Somehow your accounts are improperly set up. Your ordinary users appear to
be members of the Administrators Group (check in Local Users and Groups:
lusrmgr.msc form command prompt)

--

Q: What OS is built for lusers?
A: Which one requires running lusermgr.msc to create them?

Contact AlexB to find out how to "delouse" your Vista system.

 

[AlexB]

It seems you, an idiot, have a kick out of my cliché: "delouse your system."
I am wondering what kind of low life your must be. Sort of little enjoyment,
abused childhood? Orphanage? Adapted? Have you been in trouble with alcohol?
Do you have a sponsor? How often do you go to AA meetings?

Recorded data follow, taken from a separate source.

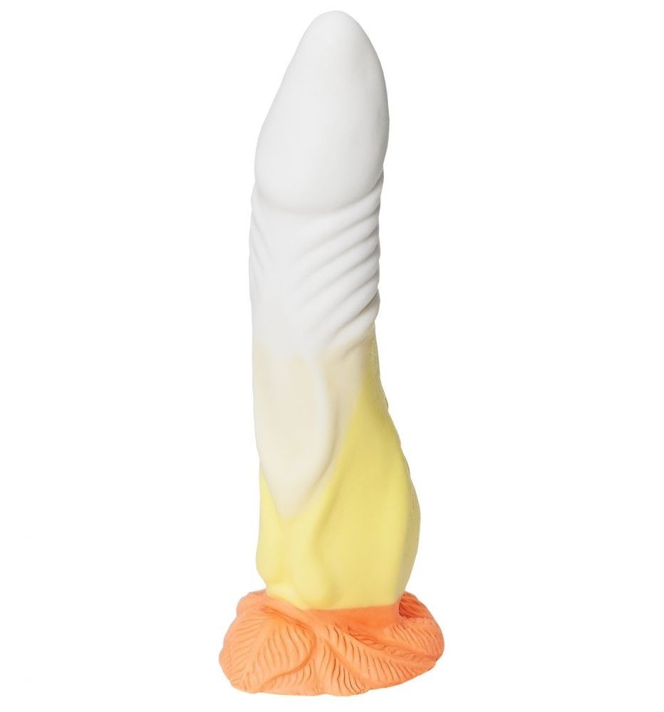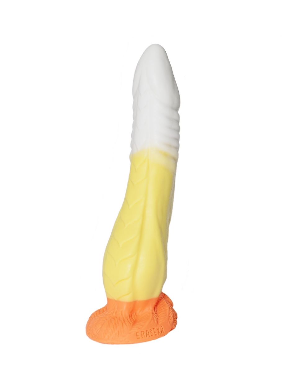 С этой по-настоящему красивой секс-игрушкой от Erasexa – первого и пока единственного российского производителя товаров интимного назначения для поклонников зооэротики – вы почувствуете, что умираете от наслаждения. Действительно большая как в длину, так и в диаметре, очень приятная на ощупь, податливая, с неповторимым рельефом… ох! «Феникс» выполнен вручную из нежнейшего силикона, имеет устойчивое ограничительное основание с узором в виде пёрышек и ствол, покрытый рёбрами и выступами. Впуская в себя эту бело-жёлтую птичку на всю глубину, вы раз за разом будете взлетать к вершинам блаженства!
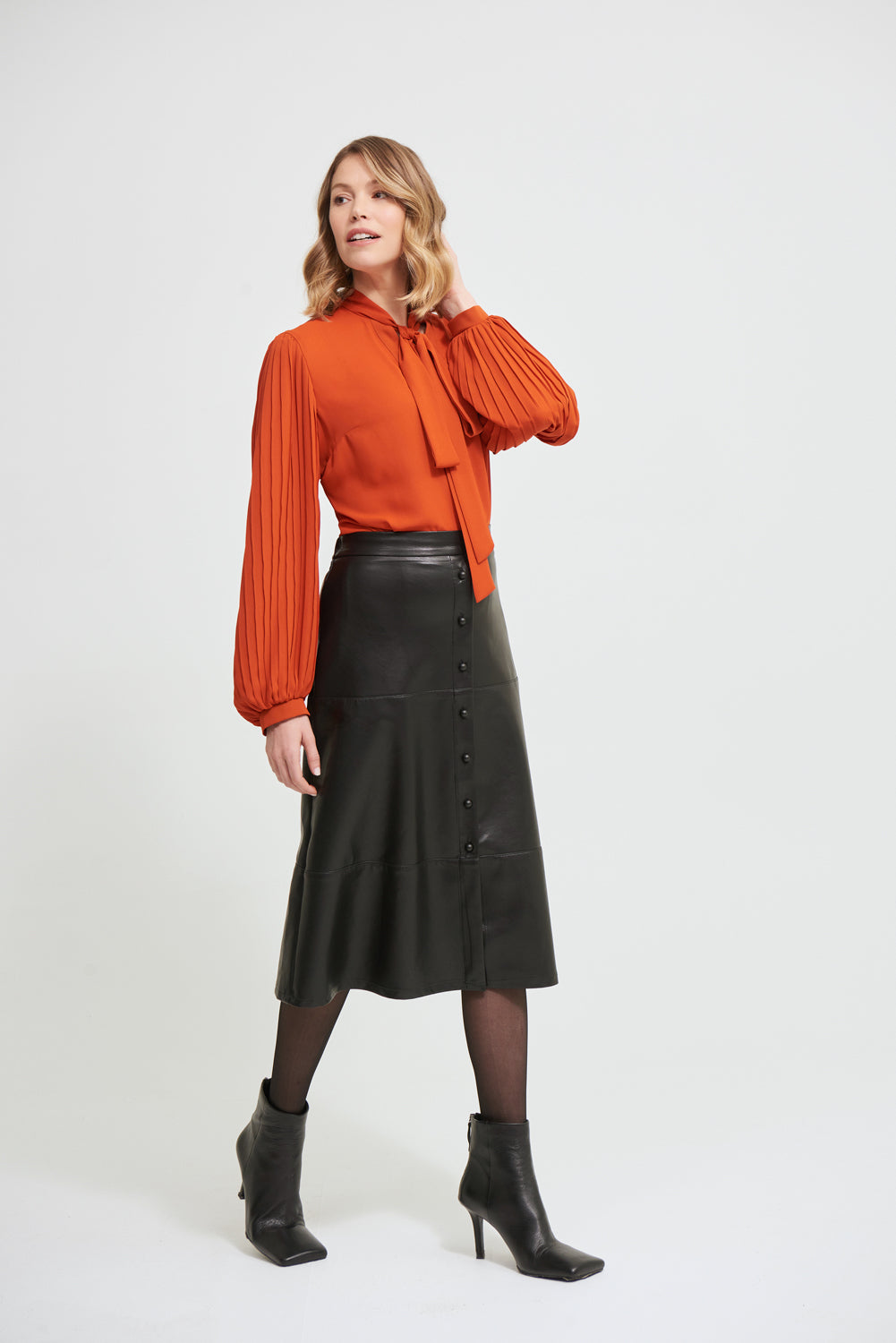 Joseph Ribkoff Black Faux Leather A-Line Skirt Style 213337
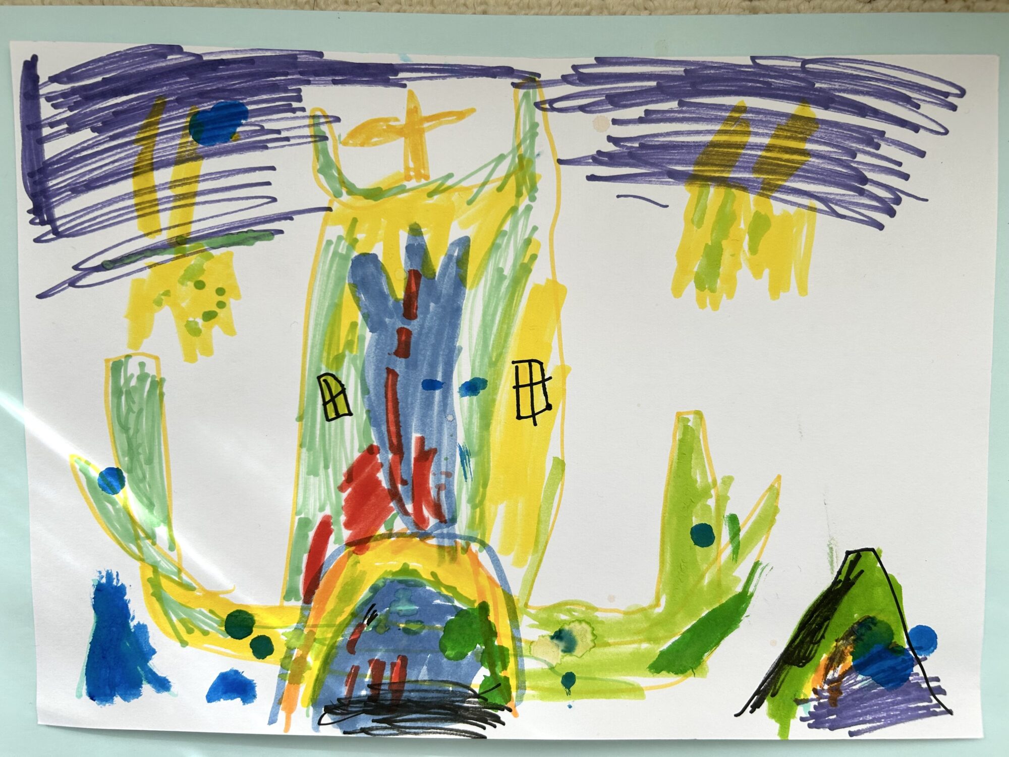 うごきたい!ほんとは、うごきまわりたい!!つよいびるのエネルギーをかんじるおえかきですね!!みぎがわの さんかくはなんだろう~♪
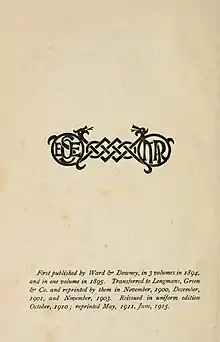 The first printing in 1894 consisted of three volumes containing a total of 51 chapters. The three volumes were reprinted in a single volume in 1895, with many further single-volume reprints in the following years.
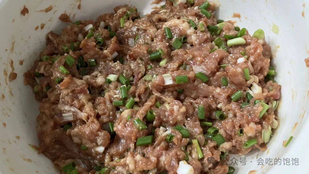 6️⃣为了肉馅更滑嫩喷香,往肉末里,再加入一小把葱花,少量的食用油,继续用筷子搅拌,搅拌至肉馅上劲,看起来有些粘手的状态。
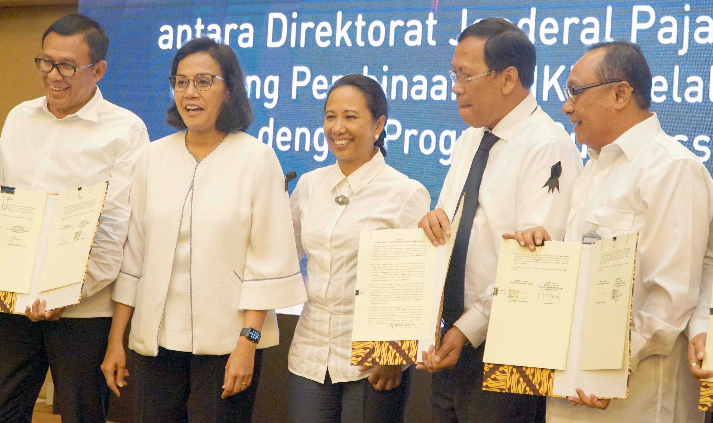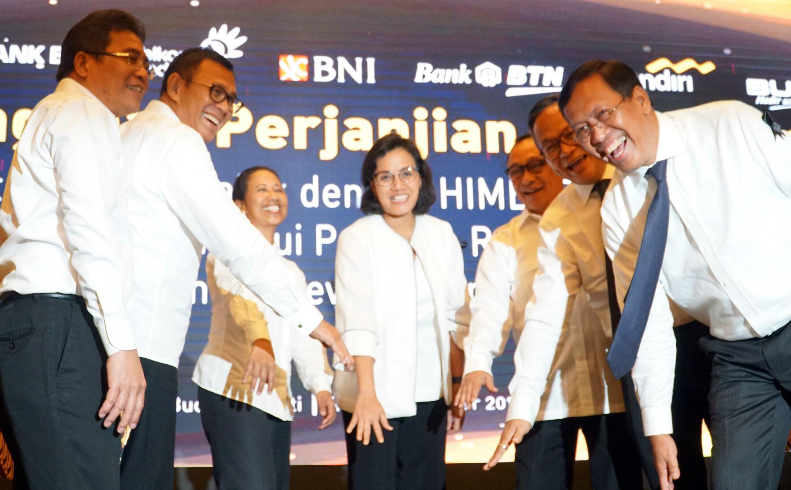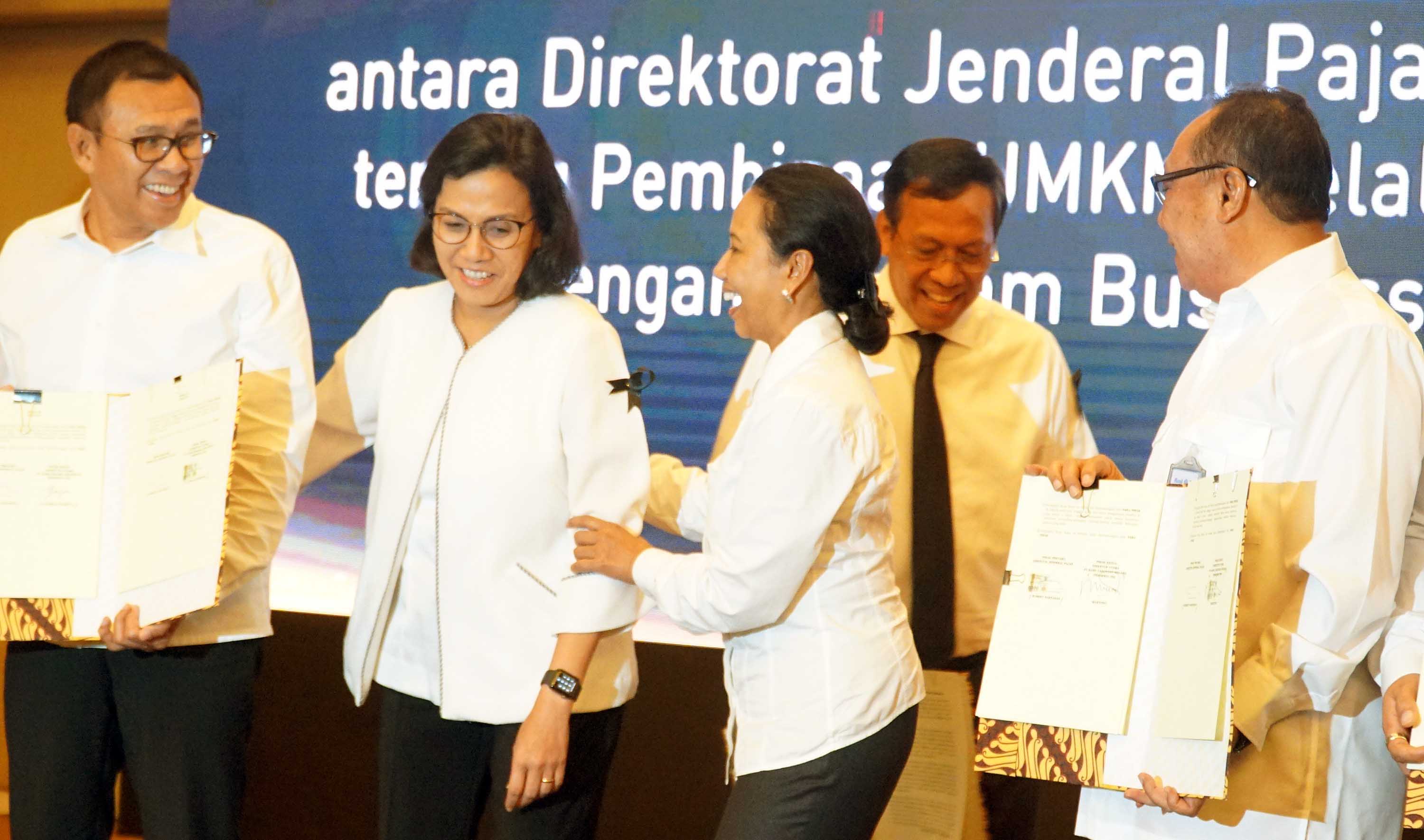 Menteri Keuangan RI Sri Mulyani Indrawati ( Kiri), Direktur Jenderal Pajak Kementerian Keuangan RI Robert Pakpahan (tengah), Direktur Utama BNI Achmad Baiquni (Kelima dari kanan) Direktur Utama BTN Maryono (ketiga dari Kanan), dan Direktur Utama TELKOM Alex J Sinaga (ketiga dari kanan) pada Acara Penandatanganan Perjanjian Kerja Sama antara Direktorat Jenderal Pajak dengan HIMBARA dan TELKOM tentang Pembinaan UMKM melalui Program Rumah Kreatif BUMN dengan Program Business Development Services DJP yang diselenggarakan di Jakarta, Rabu (31 Oktober 2018). Melalui program tersebut, 472.272 pelaku UMKM mitra binaan RKB mendapatkan edukasi terkait pajak yang wajib dibayarkan oleh para UMKM. Pembayaran pajak dapat dilakukan melalui BNI dan bank BUMN lainnya. AKTUAL/Eko S Hilman

You really come across as a flat, one-dimensional person who got this
"great" idea for mankind: "Ubuntu." Is it not the time to quit? Spare your
nerves. You may end up in big trouble.

We will delouse all Vistas, don't you worry.

 

[NoStop]

It seems you, an idiot, have a kick out of my cliché: "delouse your
system."

Just quoting some of your past expert advice there AlexB. Don't like it?
Then stop giving out such shit advice.

Cheers.

--
The three Rs of Microsoft support: Retry, Reboot, Reinstall.

Proprietary Software: a 20th Century software business model.

Q: What OS is built for lusers?
A: Which one requires running lusermgr.msc to create them?

Contact AlexB to find out how to "delouse" your Vista system.

 

[HookEm]

Alex,
Thank you for your response. However, I have already verified that the
limited user is ONLY a member of the Users user group (is NOT a member of the
Administrators user group). On a Windows Vista system, this user is allowed
to click the 'Change' button to launch the msiexec.exe installation process
(no problem), which runs the installation UI wizard (no problem), then they
can click the 'Modify' option to bring up the Custom Install dialog with the
optional features listed in an MSI SelectionTree control (no problem), they
can then disable an optional feature listed on the control (no problem), and
click the 'Next' button (no problem) to initiate the top level MSI action
Install (no problem). The msiexec process then runs to completion without
prompting the user to elevate to Administrator (BIG PROBLEM).

As noted previously, this is different behavior from that seen on pre-Vista
systems, where a limited user (member of the Users user group ONLY) is not
allowed to modify a managed installation installed by an Administrator.

For my application, it is absolutely imperative that limited users NOT be
allowed to remove optional features installed by a privileged user (member of
the Administrators group).

So I'm assuming this is a UAC bug on Vista systems (happens on both Vista
Ultimate RTM and Windows Server 2008 RC1) unless someone can verify that is
the intended behavior and explain to me how to lock down the features of a
managed installation so that limited users cannot change the features
installed by an administrator (either by adding new features not installed by
the admin or by removing features installed by the admin).

I was hoping to get feedback from someone at Microsoft regarding this issue.
I may just have to open a support ticket directly.